With the National Hockey League working toward a return it looks like NBA Commissioner Adam Silver figured it was time to stop acting like a frightened baby rabbit. Silver had spent most of the pandemic shutdown pandering to the media with little evidence that the NBA was moving toward a return to action. The latest version of the return story is that the league is talking with the Walt Disney Corporation about resuming the 2019-2020 season at the ESPN Wide World of Sports Complex in Orlando.

Here’s the announcement credited to NBA spokesman Mike Bass:

“The NBA, in conjunction with the National Basketball Players Association, is engaged in exploratory conversations with The Walt Disney Company about restarting the 2019-20 season in late July at Disney’s ESPN Wide World of Sports Complex in Florida as a single site for an NBA campus for games, practices and housing.”

“Our priority continues to be the health and safety of all involved, and we are working with public health experts and government officials on a comprehensive set of guidelines to ensure that appropriate medical protocols and protections are in place,” the statement concluded.

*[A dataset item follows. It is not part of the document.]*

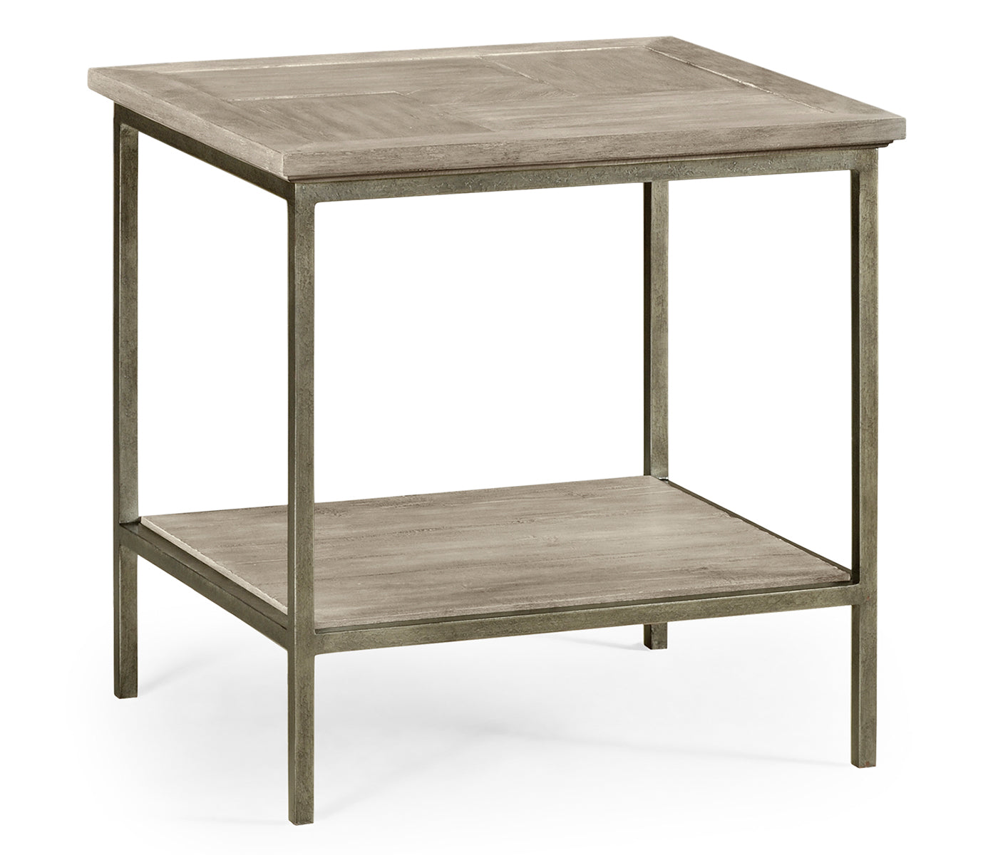 Bold parquetry end table combining a rustic grey finish with a contemporary grey silver iron base.

The money shot in that statement is that the league is doing ‘exploratory’ conversations. This suggests that it could be ‘much ado about nothing’ since the NBA has spent most of the lockdown discussing, exploring and proposing without anything coming out of it.

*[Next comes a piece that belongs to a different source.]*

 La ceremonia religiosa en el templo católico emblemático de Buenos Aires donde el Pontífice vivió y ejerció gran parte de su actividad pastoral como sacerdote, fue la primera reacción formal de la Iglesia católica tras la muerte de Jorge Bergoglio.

Milwaukee Bucks’ co-owner Marc Lasry was on CNBC this past Friday suggesting a six to eight week timeline for a return to action. That timeframe would require a lot more than ‘exploratory’ conversations–it would require some hard decisions and an actual plan. That’s something Adam Silver has constantly recoiled from over the past two months.

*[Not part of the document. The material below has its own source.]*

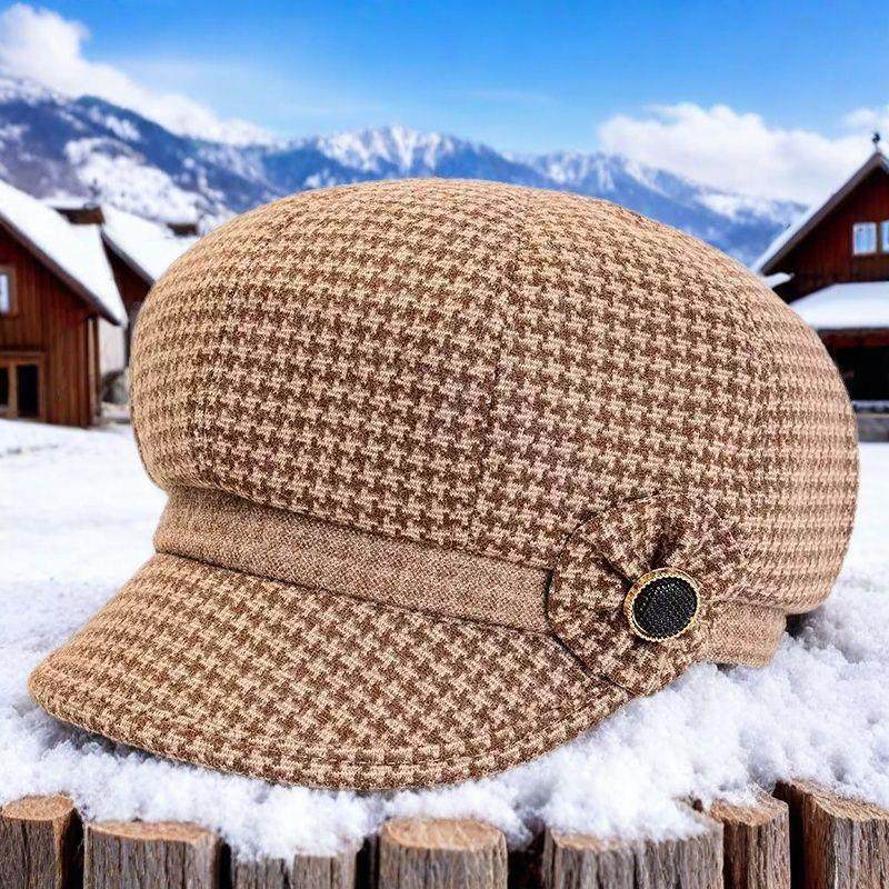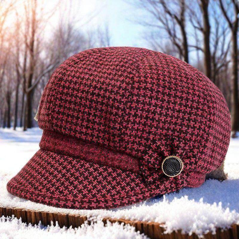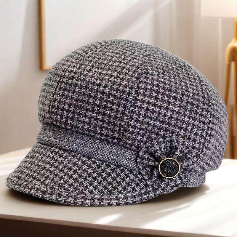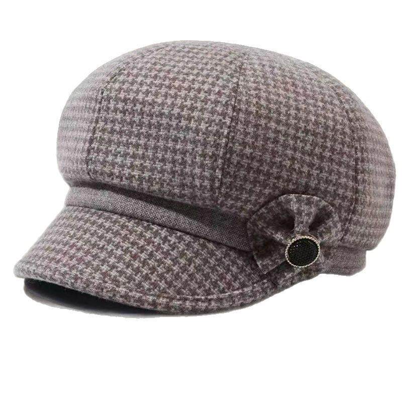 韩版时尚贝雷帽女秋冬加厚防风八角帽日系优雅格子鸭舌帽批发奶奶

Here’s the most ridiculous part of the story–the conventional wisdom has been that the league would use two locations: Orlando and Las Vegas. Now the suggestion is that the NBA is shying away from basing the Western Conference component of the restart in Las Vegas as some sort of ‘punishment’ for Mayor Carolyn Goodman’s presumably politically incorrect comments about the Coronavirus lockdown. Were the NBA in the business of evaluating mayoral competency as a litmus test for basing teams and games there wouldn’t have been a basketball game held in Washington DC during Marion Barry’s tenure or in Toronto with Rob Ford in office.